Читаем Записные книжки. Воспоминания. Эссе полностью

— Да нет. Не в том дело. Она может быть третьей или четвертой. Как, впрочем, и первая любовь далеко не всегда бывает первой. Это понятие качественное. Понятие жанра. Классическая первая любовь интеллектуального человека — великая, неразделенная, неосуществленная (она втайне не хочет осуществления). Никогда уж для нас в царстве любви не будет ничего пронзительнее молодой тоски, смертельнее первой боли; она должна смять еще нетронутую душу, и душа отчаянно сопротивляется. Чем крепче зуб, тем зубная боль нестерпимей. Потом придут наркозы усталости, гнилое терпенье, гнилое прощенье... А вторая любовь — это та, на которой человек отыгрывается. Она непременно должна быть счастливой, взаимной, реализованной. У Пруста это сделано очень точно: Жильберта и Альбертина — первая и вторая любовь. Настоящий человек понимает, что неразделенная любовь — это один раз красиво, а во второй раз — смешно. У Гейне, помните:


Glaub nicht, das ich mich erschiesse, Wie schlimm auch die Sachen stehn! Das alles, meine Süsse, Ich mir schon einmal geschehn.

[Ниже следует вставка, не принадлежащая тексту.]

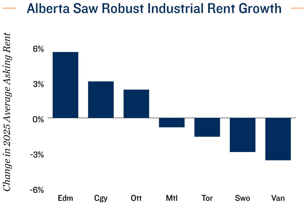 Economic reforms serve as next catalyst for industrial sector. While the manufacturing activity remained soft, the industrial properties at large proved resilient last year. The vacancy rate rose only modestly, by 20 basis points, supported by a rebound in net absorption alongside lower completions. This suggests that businesses largely viewed trade frictions as a temporary hurdle and resumed leasing activity after the initial tariff shock to secure space for longer-term positioning. The momentum was particularly evident in Calgary and Edmonton, where robust demand for space fueled another year of strong rent growth. Looking ahead, while trade relations with the U.S. remain uncertain, Canada’s recent pivot toward internal trade liberalization, export market diversification, and nation-building projects should help support business sentiment, boding well for the industrial sector’s long-term growth.
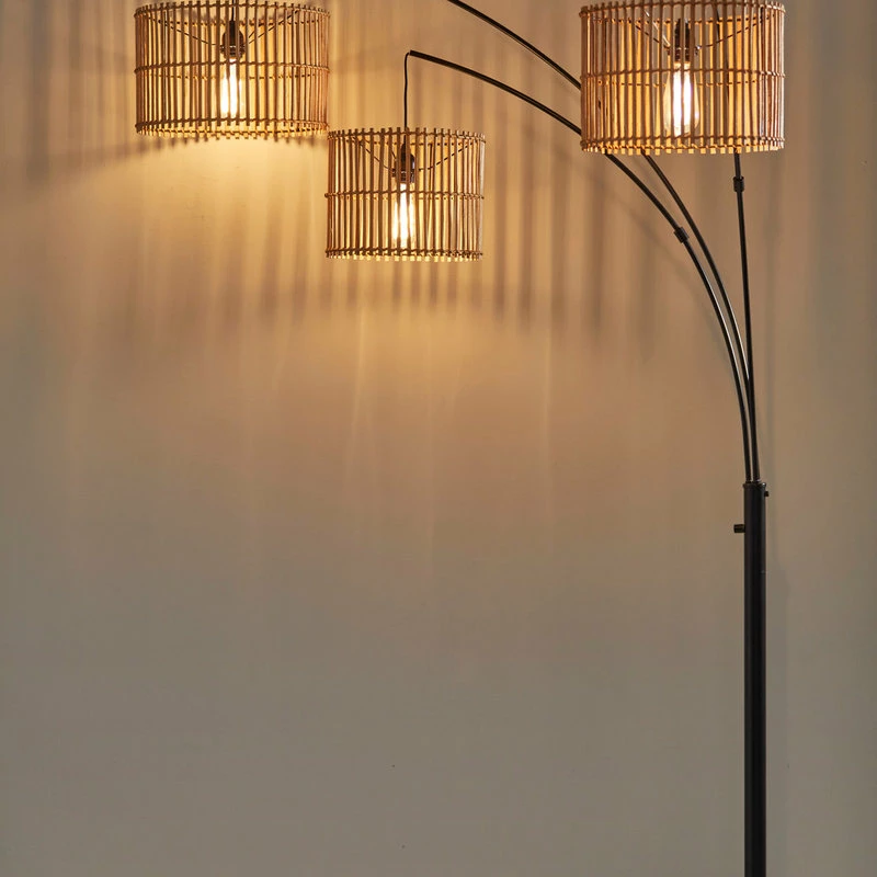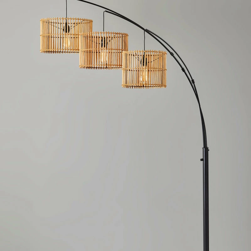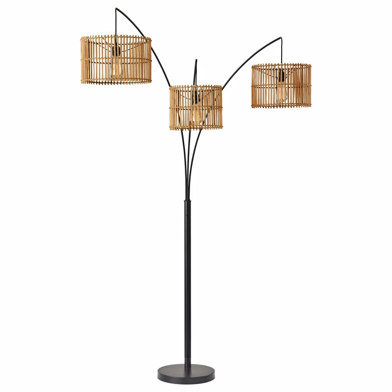 The Cabana Arc Lamp is a simple silhouette with design focused on the natural beauty of the materials. Natural rattan sticks are diligently lined up forming three shade frames that each house a 60W amber tinted decorative vintage bulb, which come included with this item. The arching body is made up of a dark bronze finished metal. Set this 3-arm arc lamp next to the sofa to add some functional, bohemian flare to your living room. Adjust the light with a simple rotary switch on the pole allows for multiple settings: 1 light on, 2 lights on, 3 lights on, off.
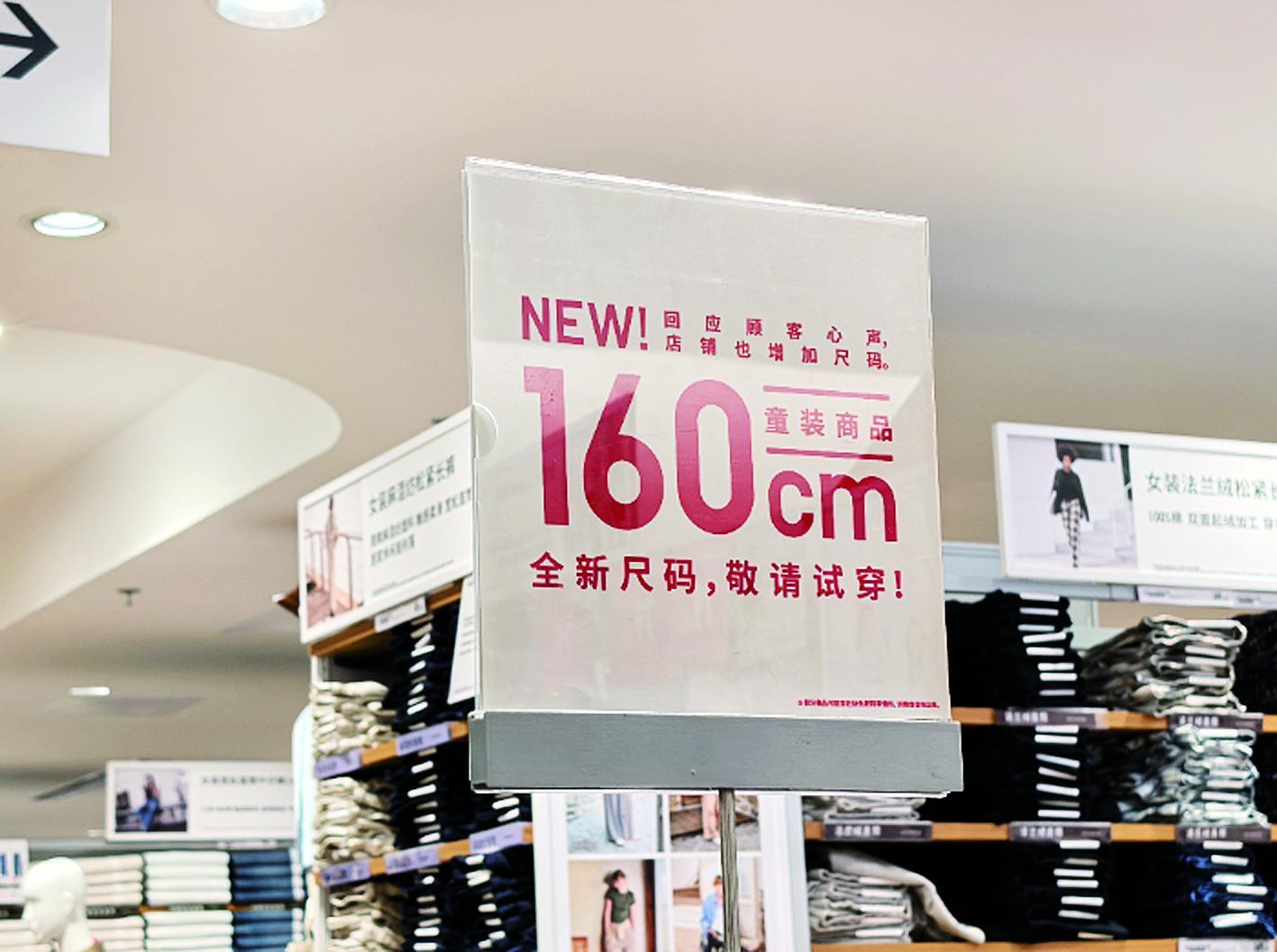 优衣库店内的“回应顾客心声,童装商品增加160cm全新尺码”告示牌。
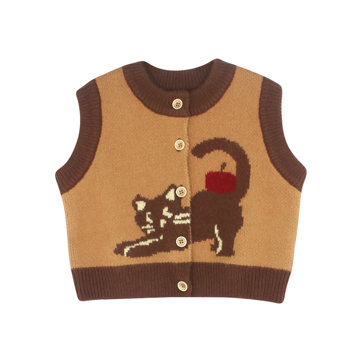 今年流行针织马甲外套女童装早秋新款外穿内搭单排扣开衫背心毛衣
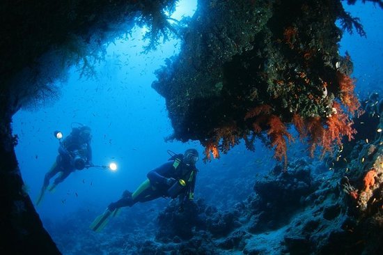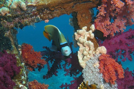 At about 28m, divers can enter the wreck through an opening in the hull. Sunlight streams through the broken sides, illuminating the boilers, ladders, and emergency valves that tell the story of this old vessel. Inside, schools of glassfish shimmer in the light, while a massive resident moray eel often makes an appearance.

Вторая любовь — любовь человека, который хочет, чтоб его любили, и на меньшее не согласен.


— А дальше что?


— Дальше начиналась драма второй любви (она, впрочем, могла повторяться). Нет уже этой беспримесно прозрачной боли, но драма счастливой любви как-то гнетущее драмы несчастной. Уже тем, что несчастье не входит в ее эстетику, в ее идеологическую программу. Совершается она в два приема. Сначала человек теряет возлюбленную, потом он теряет любовь, меняя тоску на скуку.


— А если человек сначала теряет любовь...


— Ну, тогда это не драма. По крайней мере не драма счастливой любви.


— А драма так уж обязательна?


— Почти что. Если только любовь не переходила в семью (там свои удачи и просчеты). Я говорю ведь о нас, о прошлом. Обязательность драмы была, вероятно, в том, что мы почему-то довольно долго сохраняли некий досуг. А досуг, породивший науку и искусство, порождал и душевные катастрофы — во всяком случае, начиная с восемнадцатого века.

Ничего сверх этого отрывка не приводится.